DATA SHOWN:
####
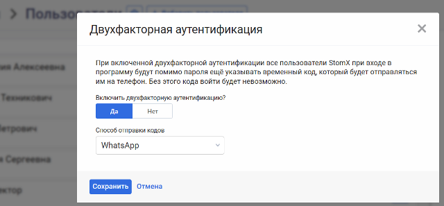 Важно! Перед включением этой опции удостоверьтесь, что у всех пользователей есть возможность получать код, если будете выбирать какой-то мессенджер. Мы рекомендуем для этих целей подключить интеграцию с СМС-Центром, так как на сегодня СМС самый стабильный канал.
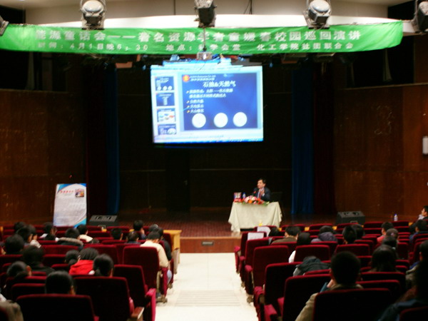 童媛春先生与我校师生进行了长达三个小时的交流,阐述了能源在当今世界的重要性,讲述了能源从古代到现代的发展历程,并论述了金融危机产生的原因和金融危机对能源领域潜在的威胁。他的论述从表面向本质层层深入,并结合自己在国内外的所见所闻、身行力践,客观而深刻的揭露了石油行业内幕,在对比中让同学们看到中国石油业还与世界先进水平存在着一定差距,令同学们受益匪浅。同时童老师还虚心回答同学们提出的问题,并帮助同学们进一步剖析了“南海问题”和“俄格冲突”。整个会场上下互动,气氛热烈,一阵阵掌声把讲座推向高潮。童老师还全面的讲解了当代大学生最关注的问题——就业问题,特别是金融危机时刻的就业问题。童老师笑着说:“很高兴能和同学们一起探讨我们国家乃至世界所面临的严峻问题,看得到石油大学学生们都这样的积极踊跃,真是我们国家的福气啊!”
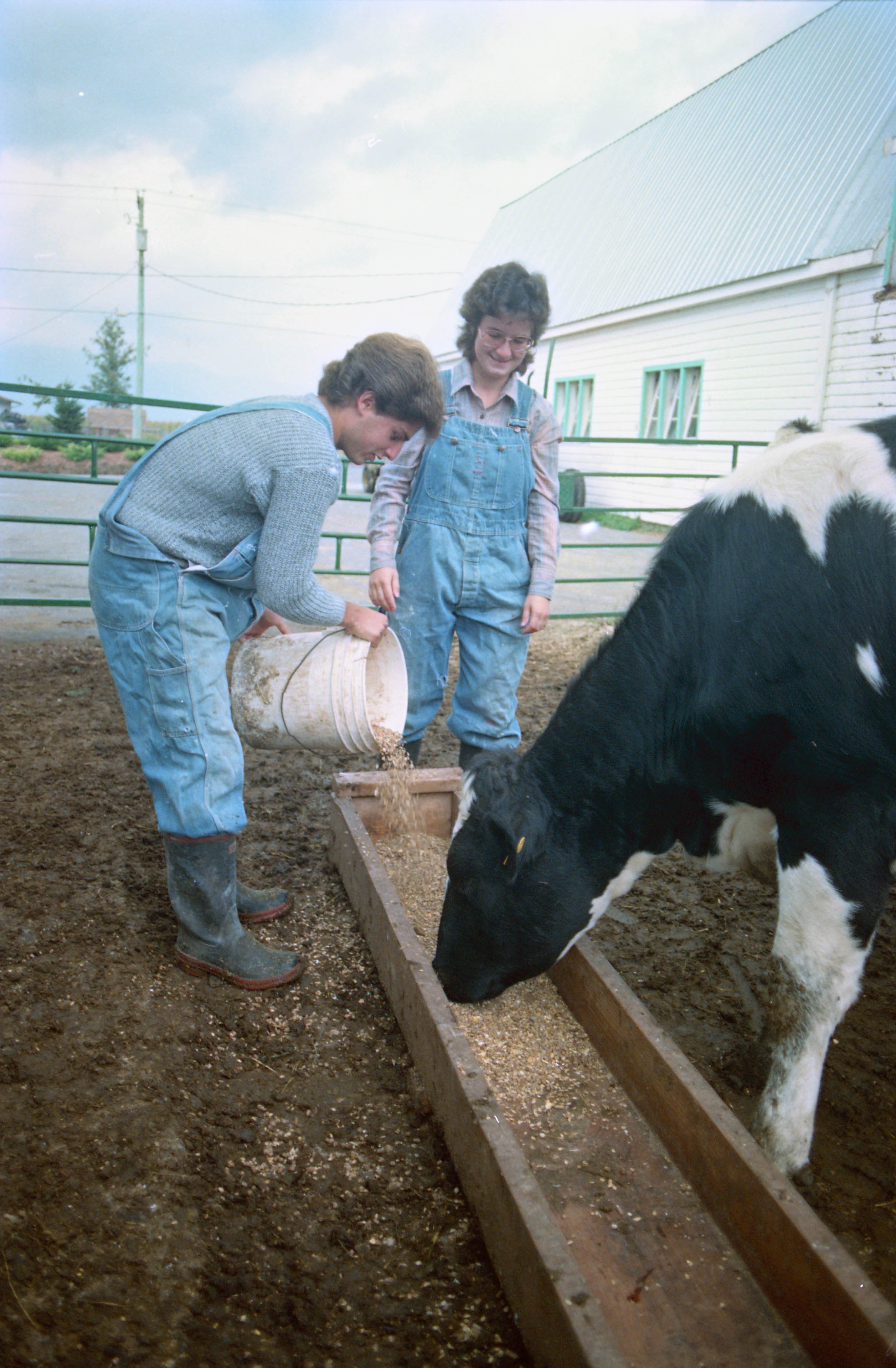 Agriculture Students on Practicum. Ruby Schmitt (later Peterson) and Victor de Sories. 1986. Photographs, 1 negative. UFV Photo Archives. https://ufv-i2.arcabc.ca/ufv-photo-archives/agriculture-students-practicum-ruby-schmitt-later-peterson-and-victor-de-9.
####
REQUIRED ACTION: Without including any picture, write out the material above exactly.

SOLVED EXERCISE:
 Важно! Перед включением этой опции удостоверьтесь, что у всех пользователей есть возможность получать код, если будете выбирать какой-то мессенджер. Мы рекомендуем для этих целей подключить интеграцию с СМС-Центром, так как на сегодня СМС самый стабильный канал.
 童媛春先生与我校师生进行了长达三个小时的交流,阐述了能源在当今世界的重要性,讲述了能源从古代到现代的发展历程,并论述了金融危机产生的原因和金融危机对能源领域潜在的威胁。他的论述从表面向本质层层深入,并结合自己在国内外的所见所闻、身行力践,客观而深刻的揭露了石油行业内幕,在对比中让同学们看到中国石油业还与世界先进水平存在着一定差距,令同学们受益匪浅。同时童老师还虚心回答同学们提出的问题,并帮助同学们进一步剖析了“南海问题”和“俄格冲突”。整个会场上下互动,气氛热烈,一阵阵掌声把讲座推向高潮。童老师还全面的讲解了当代大学生最关注的问题——就业问题,特别是金融危机时刻的就业问题。童老师笑着说:“很高兴能和同学们一起探讨我们国家乃至世界所面临的严峻问题,看得到石油大学学生们都这样的积极踊跃,真是我们国家的福气啊!”
 Agriculture Students on Practicum. Ruby Schmitt (later Peterson) and Victor de Sories. 1986. Photographs, 1 negative. UFV Photo Archives. https://ufv-i2.arcabc.ca/ufv-photo-archives/agriculture-students-practicum-ruby-schmitt-later-peterson-and-victor-de-9.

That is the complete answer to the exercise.